Non-GAAP net income per diluted share came to 99 cents. Net revenue was $317.9 million, an increase of 38.3 percent from the comparable prior year quarter. 

Analysts were expecting earnings of 66 cents per share on revenue of $310.21 million. 

The SMB business brought in $77 million, growing nearly 18 percent year-over-year. Its Connected Home business brought in $240.9 million, up 46 percent year-over-year. 

“With both businesses performing well, Q1 marks a strong beginning to the year for us,” CEO Patrick Lo said in a statement. “The Netgear team again navigated the ongoing challenges in the supply chain to deliver strong revenue growth… The higher than anticipated demand for SMB products propelled us over the high end of our topline guidance range. Non-GAAP operating margin significantly exceeded expectations, buoyed by a higher mix of SMB and higher margin e-commerce revenue as well as lower air freight expense.”

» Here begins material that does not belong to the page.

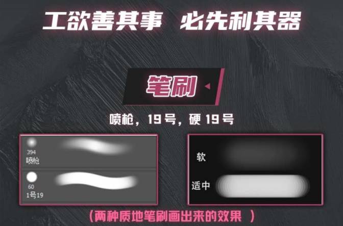 特点:软(喷枪)+软硬适中(1号19号)这两种质地的笔刷搭配,很适合画布料这种比较柔软的材质。

Netgear’s SMB business benefited from the reopening of economies worldwide, while the Consumer Home business was led by the premium segment. The company gained Consumer Home market share globally and saw its US market share in consumer WiFi climb two points in the first quarter. 

Netgear is on track to reach its goal of  650,000 subscribers by the end of the year, Lo said. The company added 44,000 subscribers in Q1, exiting the quarter with 481,000. 

Second quarter net revenue is expected to be in the range of $305 million to $320 million.